Work task
Lines from the one with "Hjemmestrikkede selbuvotter i" up to and including the one with "মাধ্যমঃ | http://sdfbd.teletalk.com.bd/ |" are to be copied exactly from the records below, without their pictures.

Dataset extract
•••••
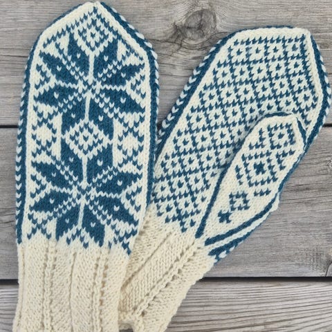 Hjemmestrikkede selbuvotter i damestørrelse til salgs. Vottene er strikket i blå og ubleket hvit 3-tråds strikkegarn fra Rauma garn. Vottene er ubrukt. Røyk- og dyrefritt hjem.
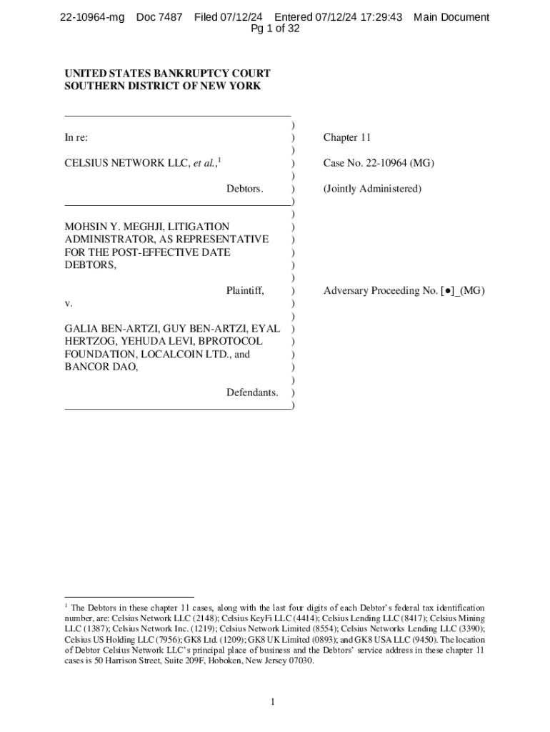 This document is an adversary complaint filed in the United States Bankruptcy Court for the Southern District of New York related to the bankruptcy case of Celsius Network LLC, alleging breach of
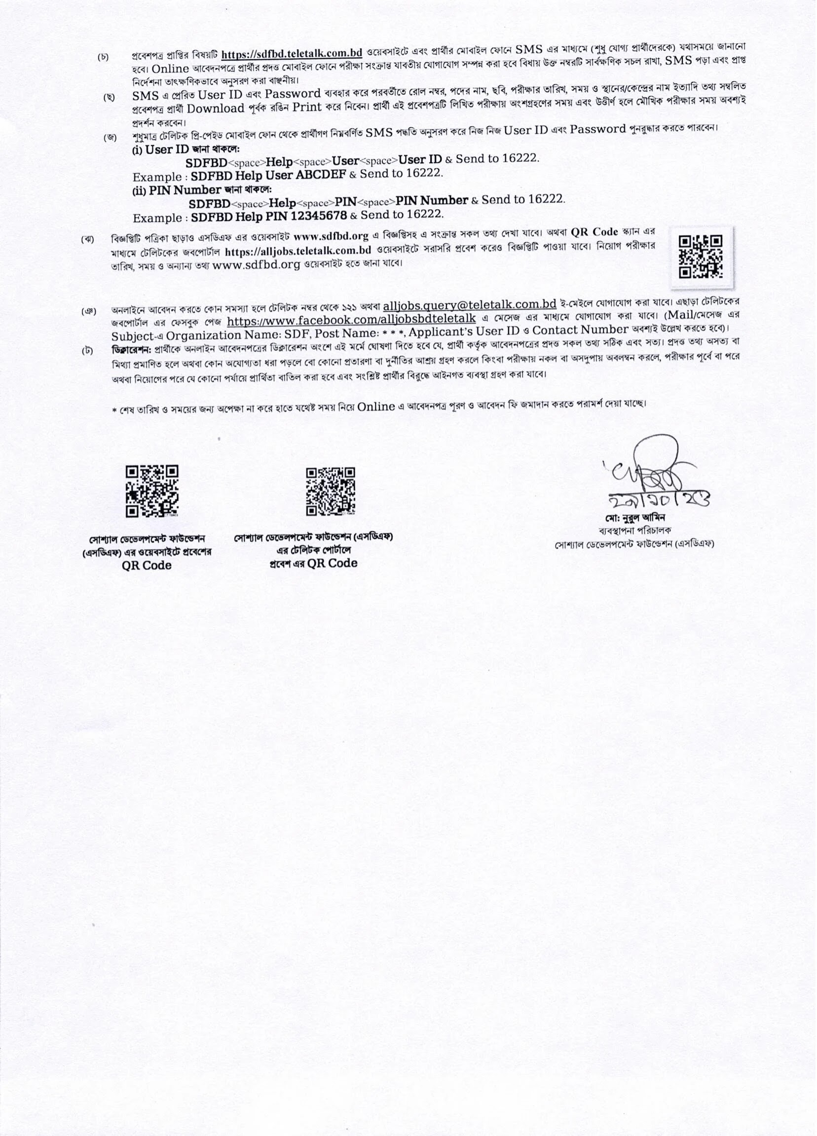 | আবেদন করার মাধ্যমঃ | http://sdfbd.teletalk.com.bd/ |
•••••
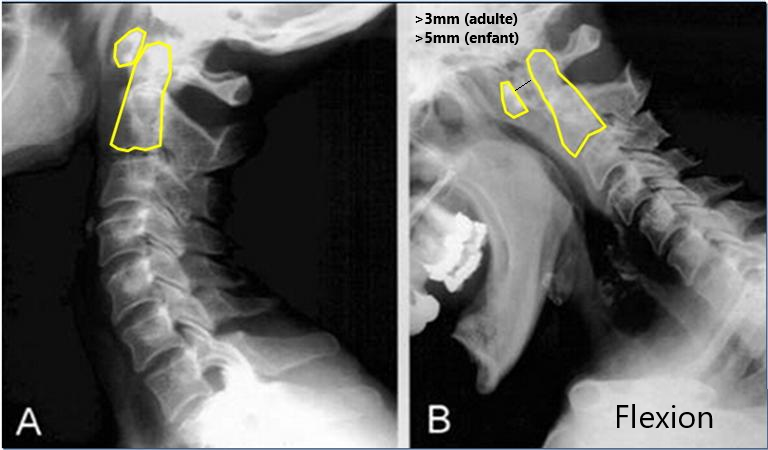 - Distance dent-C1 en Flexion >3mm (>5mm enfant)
•••••
Exercise answer
 Hjemmestrikkede selbuvotter i damestørrelse til salgs. Vottene er strikket i blå og ubleket hvit 3-tråds strikkegarn fra Rauma garn. Vottene er ubrukt. Røyk- og dyrefritt hjem.
 This document is an adversary complaint filed in the United States Bankruptcy Court for the Southern District of New York related to the bankruptcy case of Celsius Network LLC, alleging breach of
 | আবেদন করার মাধ্যমঃ | http://sdfbd.teletalk.com.bd/ |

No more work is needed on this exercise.